## WORK TASK
All pictures are to be skipped; retype only the lines from the top of the entries through the line with "随着2019柏林Major前", both included.

+++ GIVEN ENTRIES +++

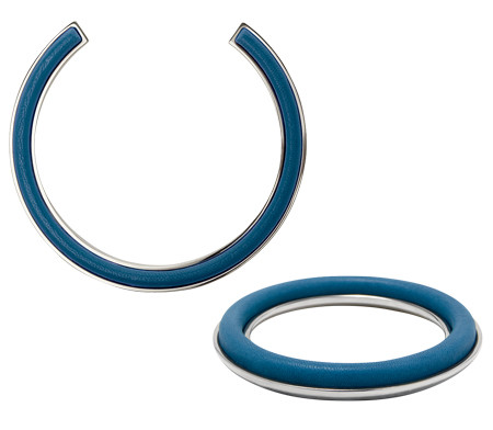 鮮やかなブルーに染められたレザーとシルバーのクールなコンビネーション。
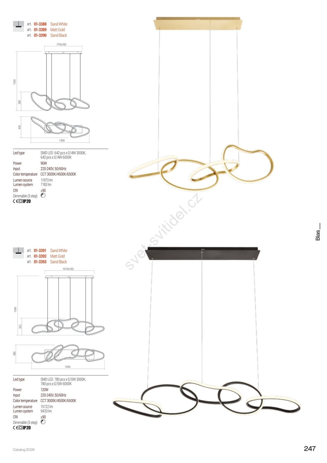 • Redo 01-3389 - LED Stmívatelný lustr na lanku BIAS LED/90W/230V 3000/4500/6500K CRI 90 zlatá
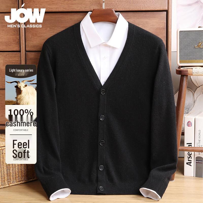 JOW Men's 100% Cashmere V-Neck Cardigan
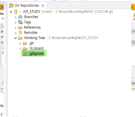 나오는 코드를 복사 => 이클립스의 repository/working tree/.gitignore에 붙여넣은 뒤 저장
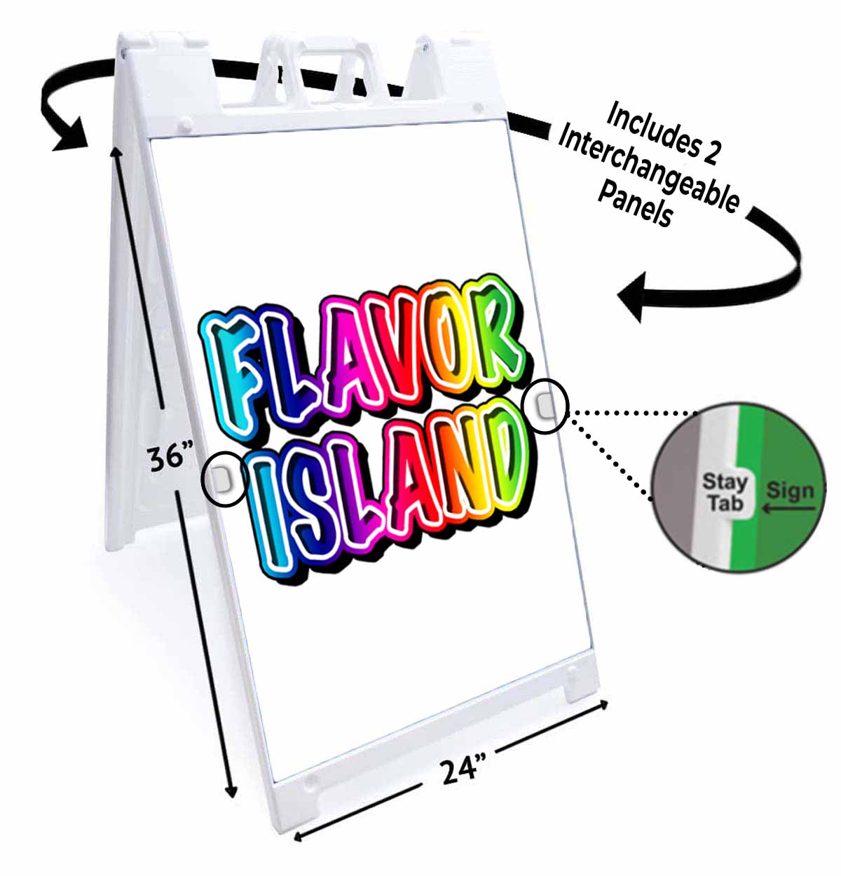 The Flavor Island A-Frame Signs, Decals, or Panels are great advertising tools for your business. Studies show that A-Frame Signs, Decals, and Panels draw more notice than many other advertising methods. A-Frame Signs, Decals, and Panels are a price effective ways to grab attention and raise awareness for your business.
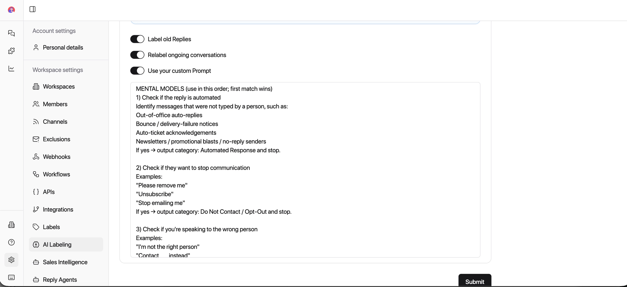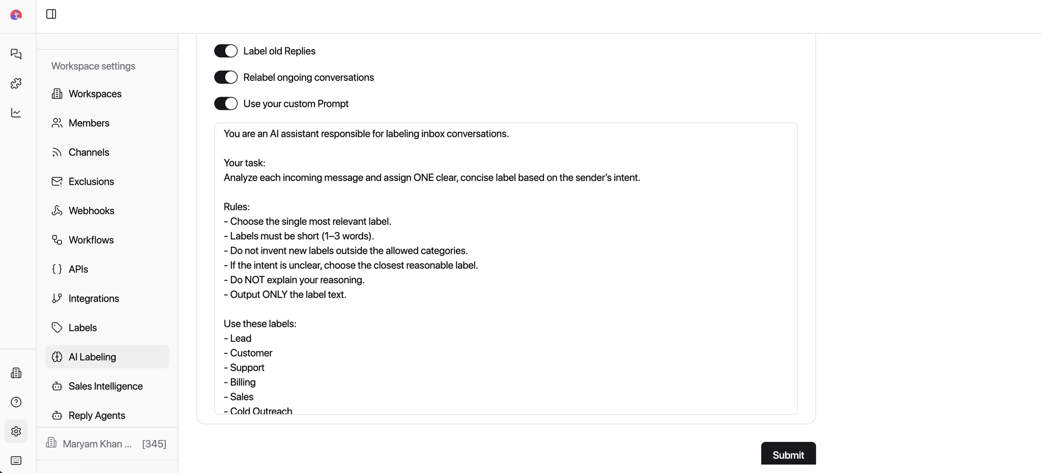 Keep this toggle ON to update labels automatically as conversations evolve. Useful when a prospect's intent changes over time.
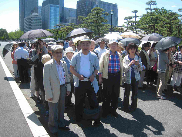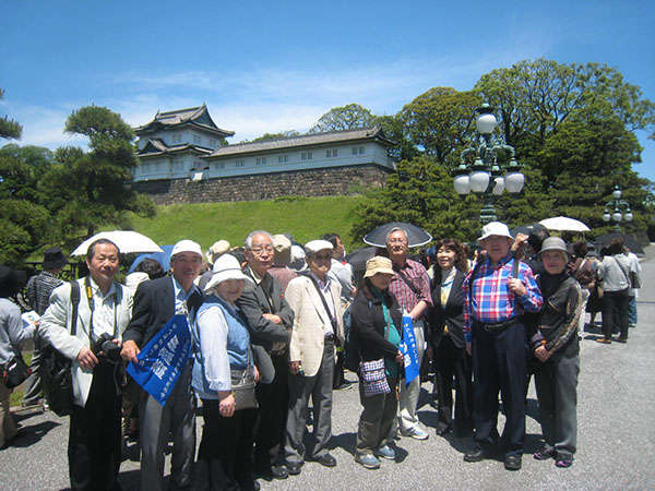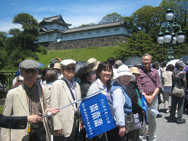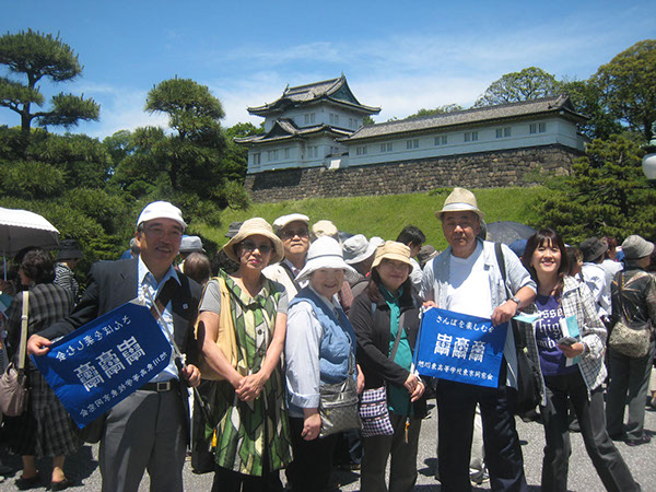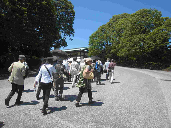 5月23日、旭川東高等学校東京同窓会第8回「さんぽを楽しむ会」は、「皇居参観と外堀虎の門・山王日枝神社」コースを、東高7期から27期までの総勢19名の参加で実施しました。当日はさわやかな初夏を思わせる陽気のさんぽ日和に恵まれました。今回も第3回より続いてわかりやすい説明が好評の郷土史家渡辺功一さんのご案内です。
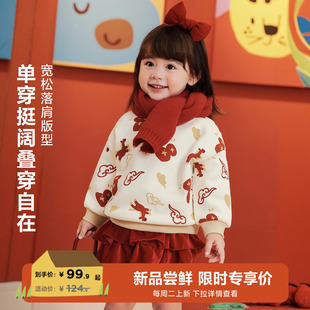 柔软保暖加绒红色拜年上衣 迷你巴拉男女童宝宝卫衣冬季 新年卫衣
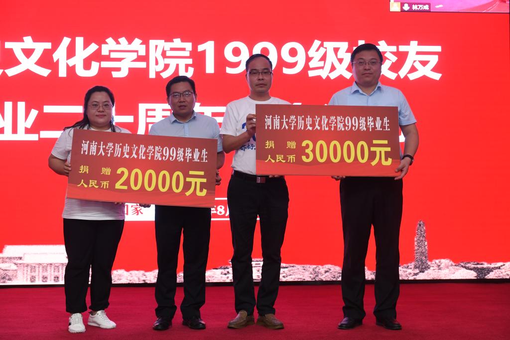 、文化旅游学院捐款,校友工作与教育发展基金会办公室副主任高欢为校友代表颁发捐赠证书。
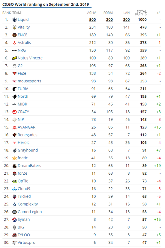 随着2019柏林Major前两个阶段的比赛结束,HLTV更新了最新一期的战队积分排名榜。本月的榜单中,前几名队伍增长下降幅度并不是很大。Liquid依旧高居榜首,第二到五名分别是Vitality、ENCE、Astralis和NRG。FaZe Clan在经历惨败后已经跌至第8名,而NIP已经掉至15。其实变化最大的队伍还属独联体地区,曾经默默无闻的AVANGAR、DreamEaters和Syman三支队伍纷纷杀入前三十,有着显著的提升。
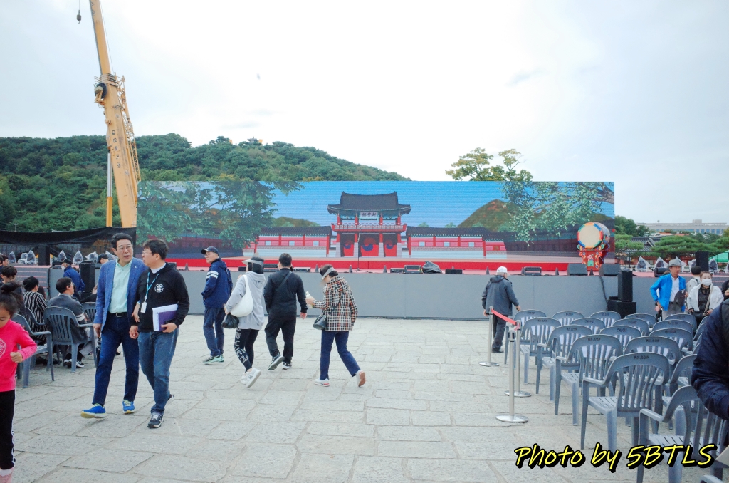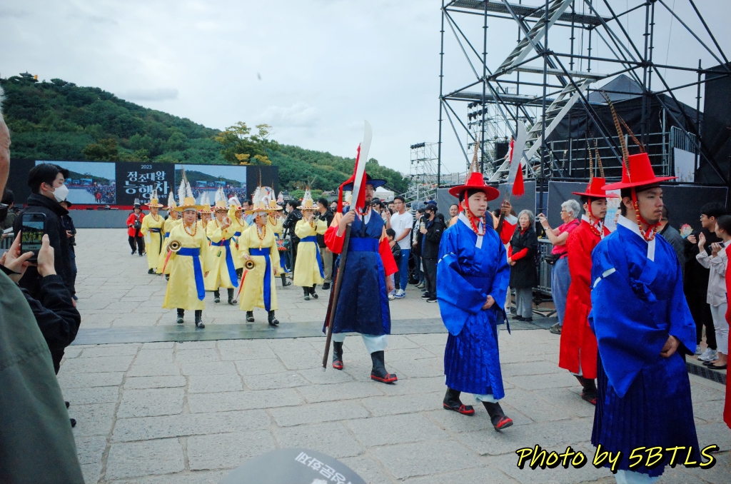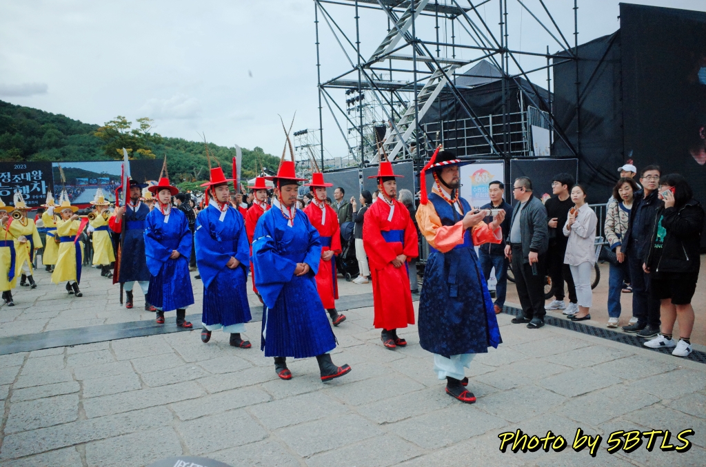 이동해서 보니, 제가 다음날 참여할 예정인 '정조대왕능행차 공동재현'행사 중에 '화성출궁'에 해당하는 재현행사가 진행중이었더군요. 이래저래 인파를 뚫고 가보니, 특별무대에서 뭔가를 하고는 거기서부터 관객석 중앙 통로를 지나서는 행궁광장 밖으로 이동하는 중이라서, 근처에 서서 사진을 찍었드랬습니다. 이건 전문배우들이 재현하는 거라서, 행렬은 그리 길지 않았구요. 보통 능행차 재현이라면서 나오는 영상에 찍히는 건, 제가 이 다음 날 직접 '시민체험행렬단'으로 간 부분이라 그건 다른 글에서 또 올려보겠습니다.
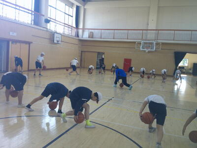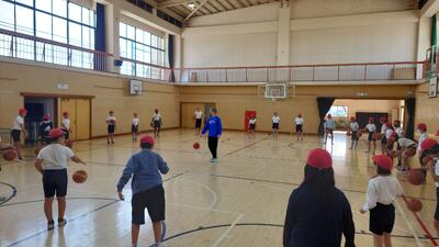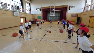 体ほぐしをしたあと、いろいろなドリブルの仕方やシュートの仕方などを教えていただきました。

+++

## EXERCISE RESULT
 鮮やかなブルーに染められたレザーとシルバーのクールなコンビネーション。
 • Redo 01-3389 - LED Stmívatelný lustr na lanku BIAS LED/90W/230V 3000/4500/6500K CRI 90 zlatá
 JOW Men's 100% Cashmere V-Neck Cardigan
 나오는 코드를 복사 => 이클립스의 repository/working tree/.gitignore에 붙여넣은 뒤 저장
 The Flavor Island A-Frame Signs, Decals, or Panels are great advertising tools for your business. Studies show that A-Frame Signs, Decals, and Panels draw more notice than many other advertising methods. A-Frame Signs, Decals, and Panels are a price effective ways to grab attention and raise awareness for your business.
 Keep this toggle ON to update labels automatically as conversations evolve. Useful when a prospect's intent changes over time.
 5月23日、旭川東高等学校東京同窓会第8回「さんぽを楽しむ会」は、「皇居参観と外堀虎の門・山王日枝神社」コースを、東高7期から27期までの総勢19名の参加で実施しました。当日はさわやかな初夏を思わせる陽気のさんぽ日和に恵まれました。今回も第3回より続いてわかりやすい説明が好評の郷土史家渡辺功一さんのご案内です。
 柔软保暖加绒红色拜年上衣 迷你巴拉男女童宝宝卫衣冬季 新年卫衣
 、文化旅游学院捐款,校友工作与教育发展基金会办公室副主任高欢为校友代表颁发捐赠证书。
 随着2019柏林Major前两个阶段的比赛结束,HLTV更新了最新一期的战队积分排名榜。本月的榜单中,前几名队伍增长下降幅度并不是很大。Liquid依旧高居榜首,第二到五名分别是Vitality、ENCE、Astralis和NRG。FaZe Clan在经历惨败后已经跌至第8名,而NIP已经掉至15。其实变化最大的队伍还属独联体地区,曾经默默无闻的AVANGAR、DreamEaters和Syman三支队伍纷纷杀入前三十,有着显著的提升。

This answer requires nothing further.